Gravelin v. Satterfield

200 Cal. App. 4th 1209, 132 Cal. Rptr. 3d 913, 76 Cal. Comp. Cases 1298, 2011 Cal. App. LEXIS 1427
CourtCalifornia Court of Appeal
DecidedNovember 15, 2011
DocketNo. A131333
StatusPublished
Cited by19 cases

This text of 200 Cal. App. 4th 1209 (Gravelin v. Satterfield) is published on Counsel Stack Legal Research, covering California Court of Appeal primary law. Counsel Stack provides free access to over 12 million legal documents including statutes, case law, regulations, and constitutions.

Bluebook
Gravelin v. Satterfield, 200 Cal. App. 4th 1209, 132 Cal. Rptr. 3d 913, 76 Cal. Comp. Cases 1298, 2011 Cal. App. LEXIS 1427 (Cal. Ct. App. 2011).

Opinion

Opinion

SEPULVEDA, J.

Plaintiff Gary Gravelin, a hired worker, was injured while installing a satellite dish on the roof of a residence. He received workers’ compensation and brought this separate action against the homeowners for premises liability. The trial court granted a defense summary judgment. We affirm the judgment.

[1212]*1212I. FACTS

Defendants are Raymond and Charlotte Coolidge and their grandson, Paul Satterfield. Defendants own a home in Mendocino County. The Coolidges contracted with DISH Network to replace their existing satellite dish. DISH Network outsourced the job to Linkus Enterprises, Inc., which sent plaintiff Gary Gravelin to perform the installation job. Plaintiff Gravelin was an employee of Linkus Enterprises, Inc., or an independent contractor retained by that company.

Plaintiff arrived at defendants’ home on April 26, 2006. One of the homeowners, Charlotte Coolidge, showed him where the existing satellite dish was installed on the roof. Plaintiff could not directly access the roof where the satellite dish was located because his ladder was too short. Plaintiff owned a 24-foot extension ladder but did not bring it to the worksite.

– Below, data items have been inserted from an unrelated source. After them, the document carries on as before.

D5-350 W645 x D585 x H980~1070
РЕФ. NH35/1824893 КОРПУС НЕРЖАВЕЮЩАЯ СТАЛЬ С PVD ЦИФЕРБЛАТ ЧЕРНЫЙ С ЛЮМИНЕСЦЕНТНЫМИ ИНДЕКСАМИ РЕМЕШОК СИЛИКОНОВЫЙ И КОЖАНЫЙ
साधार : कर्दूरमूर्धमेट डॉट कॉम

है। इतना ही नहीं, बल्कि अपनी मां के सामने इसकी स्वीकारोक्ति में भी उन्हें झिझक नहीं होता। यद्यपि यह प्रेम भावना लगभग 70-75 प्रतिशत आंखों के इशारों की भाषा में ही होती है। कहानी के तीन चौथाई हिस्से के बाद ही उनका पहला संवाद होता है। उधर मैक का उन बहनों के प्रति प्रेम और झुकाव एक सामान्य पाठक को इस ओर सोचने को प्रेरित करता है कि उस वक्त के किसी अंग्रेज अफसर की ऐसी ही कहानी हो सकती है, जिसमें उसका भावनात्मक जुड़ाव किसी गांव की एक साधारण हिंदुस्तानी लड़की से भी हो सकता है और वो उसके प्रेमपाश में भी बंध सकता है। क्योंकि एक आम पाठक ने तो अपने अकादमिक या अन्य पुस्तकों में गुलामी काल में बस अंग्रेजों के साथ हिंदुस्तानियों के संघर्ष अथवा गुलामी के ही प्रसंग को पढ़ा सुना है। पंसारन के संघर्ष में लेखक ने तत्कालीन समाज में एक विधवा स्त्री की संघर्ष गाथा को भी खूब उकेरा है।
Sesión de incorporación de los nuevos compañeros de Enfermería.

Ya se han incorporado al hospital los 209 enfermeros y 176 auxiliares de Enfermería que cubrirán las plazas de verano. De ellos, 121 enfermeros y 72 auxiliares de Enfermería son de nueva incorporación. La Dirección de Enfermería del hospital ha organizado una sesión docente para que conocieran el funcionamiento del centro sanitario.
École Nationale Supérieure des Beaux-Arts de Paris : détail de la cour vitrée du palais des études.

Plaintiff supplied his own truck for work, and his recently purchased pickup truck did not have a ladder rack to transport the long extension ladder. The only ladder plaintiff brought to the worksite was an eight-foot, A-frame ladder.

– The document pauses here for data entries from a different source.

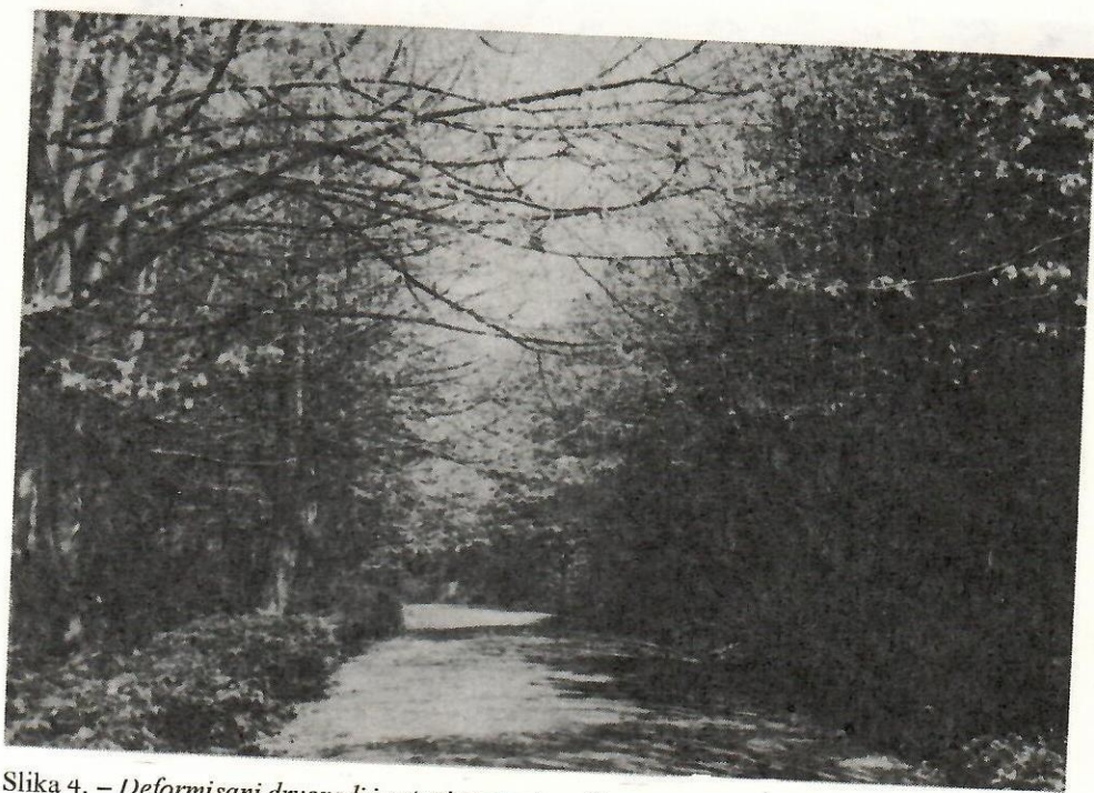
Slika 4. – Deformisani drvoređi i ostaci zastarčene žive ograde ne doprinose estetici prostora

Danas se suočavamo sa činjenicom da ovaj park deluje vrlo zapušteno čime su sve njegove potencijalne vrednosti veoma depresirane.
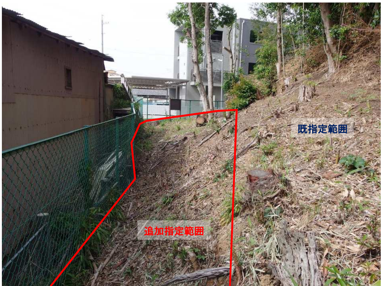
写真4 追加指定地（南から）
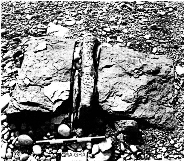
Fig. 87 Granges-Paccot. Bois de Grandfey. Blocs de molasse

Des structures d'époque indéterminée ont été repérées sur un replat situé en bordure gauche du lac de Schiffenen, à quelques mètres en aval du viaduc de Grandfey. Un petit monticule de gravier, long de 7 m, large de 5 m et haut de 50 cm, a été érigé à cet endroit. En son milieu, cinq blocs taillés ont été alignés sur un axe sud-est/nord-ouest. De nombreuses scories et bouts de métal ont été ramassés directement au nord-ouest et au nord de cette structure.
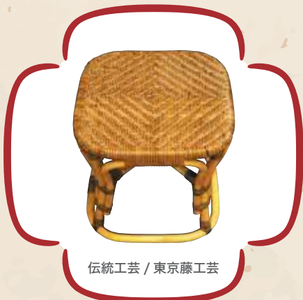
伝統工芸 / 東京藤工芸
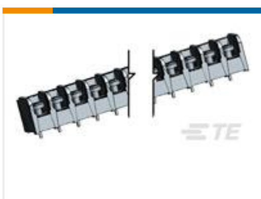
TE 产品编号4-1437658-0 8PCV-11-006=8PCV
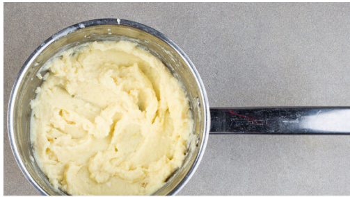
1. Püree zubereiten

Energie 675kcal, Fett 43.7g, Kohlenhydrate 26.4g, Eiweiß 41.9g
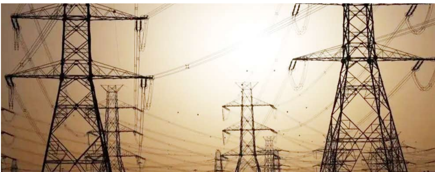
شبكة ضغط عال

ودعت المصادر إلى عدم توقف حملات البلدية على العقارات المخالفة في بقية القطاعات بالدولة، التي تستهلك أحمالاً زائدة لم يكن من المخطط لها وفقاً لمخططات البلدية، والتي يستفيد منها أصحاب تلك العقارات.
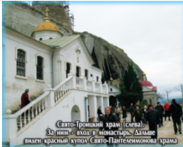
Свято-Троицкий храм (слева). За ним - вход в монастырь. Дальше виден красный купол Свято-Пантелеимонова храма

Предлагаем читателям «ХВ» фото-репортаж о престольном празднике монастыря, дне памяти св. Климента Римского (8 декабря 2009 г.).
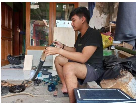
Gambar 7. Proses pengecatan warna dasar bambu
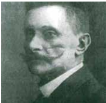
Dr. Hugo Unruh

The homeowners did not tell plaintiff how to access the roof. Plaintiff did a site survey and decided to access the roof using a small roof extension located between the house and carport that was at a lower height than the rest of the roof. Plaintiff told homeowner Charlotte Coolidge where he intended to access the roof, and she expressed no reservations.

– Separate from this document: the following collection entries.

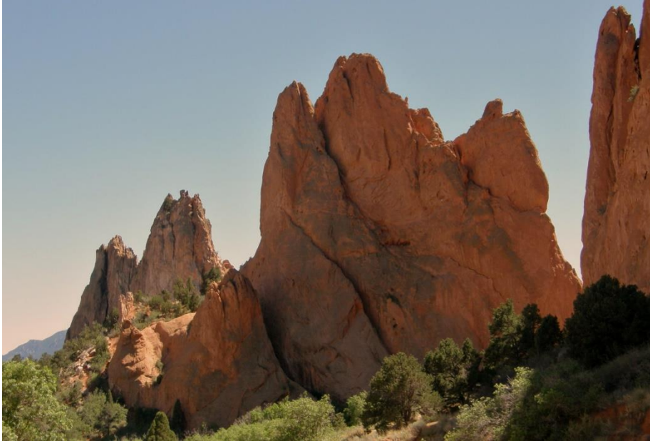
Garden of the Gods

Unsere erste Etappe geht in südlicher Richtung nach Colorado Springs. Dort sehen wir den „Garden of the Gods“ mit seinen bizarren Felsformationen. Ute Indianer führten im 16. Jahrhundert die spanischen Entdecker durch diese ungewöhnliche Naturlandschaft.
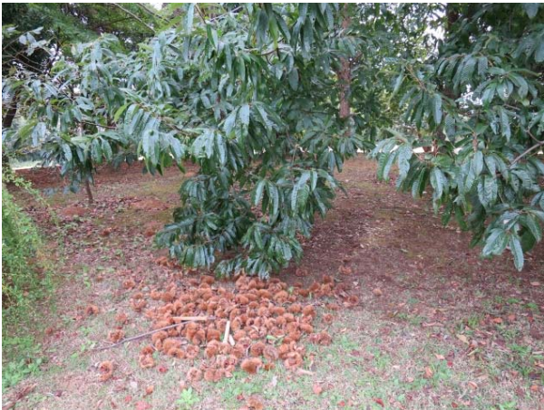
2014/10/12撮影 掘立柱建物付近 クリの収穫は終わりました。クリの実は 縄文時代の重要な食料の一つです。
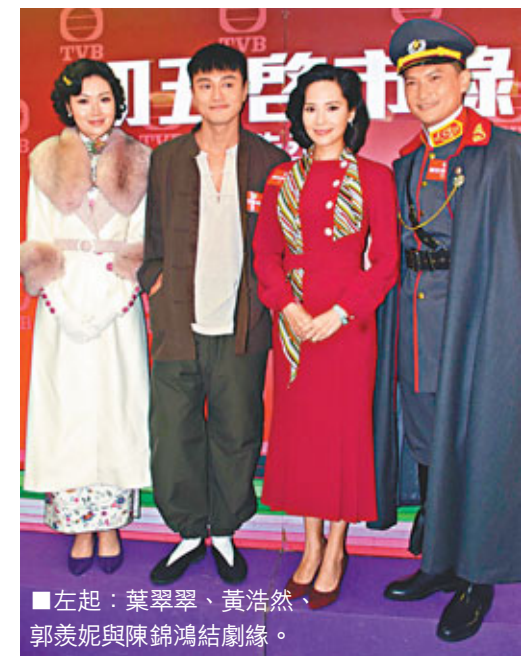
左起：葉翠翠、黃浩然、郭羨妮與陳錦鴻結緣。
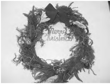
クリスマスリース

「クリスマスリースをつくる」いろいろな植物を使って、自然のクリスマスリースをつくります。(親子で協力し、一つのリースをつくります)
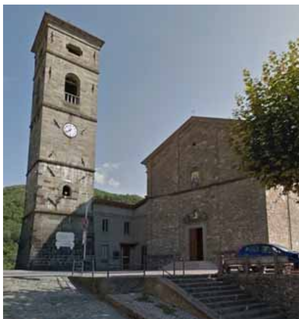
Piazza al Serchio

Il prossimo 5 giugno, insieme ad altri 1.368 Comuni italiani, anche i cittadini di due importanti comunità garfagnine, saranno chiamati alle urne per rinnovare le proprie amministrazioni. Si tratta di Piazza al Serchio e Pieve Fosciana che votano in maniera sfalsata rispetto a tutti gli altri. Parliamo di due realtà che non raggiungono i 3.000 abitanti (entrambi si attestano su circa 2.400 cittadini) e che, pertanto, oltre che il Sindaco, sono chiamate ad eleggere 12 consiglieri, otto nella lista che avrà il maggior numero di voti e quattro divisi fra le liste minoritarie. Che cosa succede nei due Comuni? Quali sono
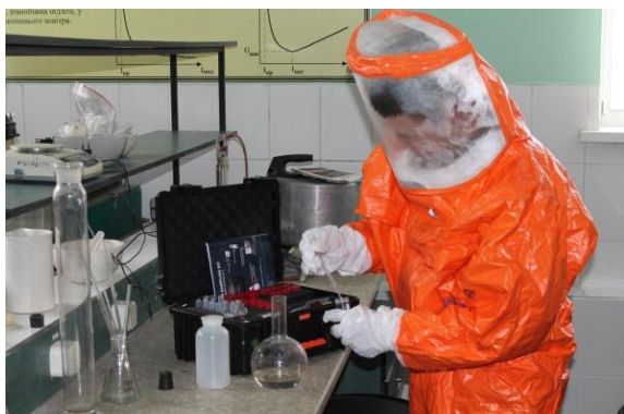
Рис. 1 – Відбір проб речовини для аналізу

Перед проведенням відбору проб, необхідно проаналізувати надзвичайну ситуацію [9, 10, 11]. За результатом аналізу, необхідно визначити план роботи. Метою операції є отримання додаткової інформації про надзвичайну ситуацію. Відбір проб, рис. 1, здійснюється для отримання інформації про безпеку речовини, передусім це вивчення зразків у лабораторії.
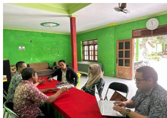
Gambar 4. Diskusi Analisis Kebutuhan di lokasi mitra

The roof extension, or “awning” as plaintiff called it in his deposition, was about four feet square and pitched forward with the front lower than the rear. It was constructed of wood with a rafter at each end. Plaintiff Gravelin testified that the roof extension looked like it was constructed of roofing plywood. It was attached with nails to the house and carport, had supporting wood members that looked like “two by fours,” and was covered on the top with asphalt shingles. The roof extension was added to the house “sometime after 1999 or 2000,” years after the original construction in the 1970’s. Homeowner Raymond Coolidge testified in his deposition that the roof extension was built to provide rain cover as one walked between the house and carport. It was constructed by a local builder, Doug Moyer, who, as a friend of the homeowners, did not charge for his labor. In defendants’ answers to interrogatories, defendants stated that the roof extension was “very small” and was never meant to have people climb or walk on it.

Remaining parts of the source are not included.